Intervention de Jacques Muller

Réunion du 7 mai 2008 à 15h00
Modernisation du marché du travail — Article 5

Photo de Jacques MullerJacques Muller :

Il faut avant tout faire remarquer que ce type de rupture à l’amiable entre l’employeur et le salarié existe déjà. Les ASSEDIC dénoncent clairement cette pratique, qui consiste pour l’employeur à demander une garantie écrite par laquelle, même si le document n’a pas de caractère officiel, le salarié reconnaît avoir demandé la rupture et s’engage à ne pas poursuivre l’entreprise devant les prud’hommes.

Cette prétendue « rupture à l’amiable » fonctionne déjà en dehors de tout cadre juridique : ce projet de loi vise à la légaliser et à la généraliser.

On retrouve très exactement la philosophie de la présidente du MEDEF, Mme Parisot, qui affirmait : « La vie, la santé, l’amour sont précaires, pourquoi le travail échapperait-il à cette loi ? »

Ce raccourci édifiant revient à nier purement et simplement les fondements mêmes du droit du travail, qui repose sur la reconnaissance du déséquilibre structurel, intrinsèque, de la relation entre l’employeur et le salarié.

Nos prédécesseurs ne s’y étaient pas trompés : tout le code du travail reposait jusqu’à présent sur la volonté du législateur de tenter de corriger une situation dans laquelle la liberté des deux parties signifie que l’un, objectivement, domine l’autre, puisque le salarié, dont les revenus dépendent directement de l’employeur, est en situation de dépendance et de faiblesse.

Comme le résume Lacordaire dans l’une de ses conférences de Notre-Dame, dans un monde de forts et de faibles, « c’est la liberté qui opprime et la loi qui affranchit ».

En introduisant le principe de rupture à l’amiable, ce projet de loi, décidément taillé sur mesure pour le MEDEF, méconnaît ces réalités qui prennent une dimension particulière dans la crise que nous connaissons.

Oui, dans un contexte marqué par le chômage et les emplois précaires, l’inégalité structurelle entre l’employeur et le salarié prend une dimension particulière, encore plus dure !
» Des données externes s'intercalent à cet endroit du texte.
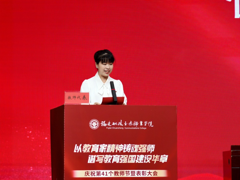 9月10日下午,我院举行庆祝第41个教师节暨表彰大会。党委书记陈宜大,党委副书记、院长陈群,党委副书记张辉,纪委书记谢建山,副院长陈常晖出席会议。会议由陈常晖主持。全体教职工、荣退人员代表、福建闽清职业中专学校代表、校友代表、学生代表欢聚一堂,共同参加此次会议。本次庆祝表彰大会采用线下会场和线上直播同步进行。

Le monde du travail n’est pas idyllique. Dans le contexte actuel, de trop nombreux salariés y subissent déjà harcèlement ou discrimination. Le salarié est souvent poussé vers la porte. Multiplication des arrêts de maladie, consommation de psychotropes, dépression ou, pire, suicides : tels sont les symptômes d’un profond mal-être de nombreux salariés pour lesquels une rupture à l’amiable n’a évidemment aucune signification.

Les dispositifs prévus dans le projet de loi assurent trop peu de garanties aux salariés victimes de pressions de la part des employeurs, alors que, hors du système de rupture conventionnelle prévu, il existe des possibilités d’obtenir réparation par voie judiciaire.

Précisément, lorsque le salarié aura accepté, sous la pression, de signer une convention de rupture, aura-t-il toujours la possibilité de poursuivre l’employeur pour harcèlement ou discrimination ? Le projet de loi reste bien muet sur cette question !

Pour conclure, ce qui est en jeu, ce n’est ni plus ni moins qu’une atteinte au droit du licenciement. C’est un pan entier du droit du travail qui est mis à mal par les dispositions de ce projet de loi.

C'est la raison pour laquelle cet amendement vise à supprimer purement et simplement l’article 5, emblématique d’un projet de loi qui, on peut le dire, introduit une rupture, une régression historique dans notre droit.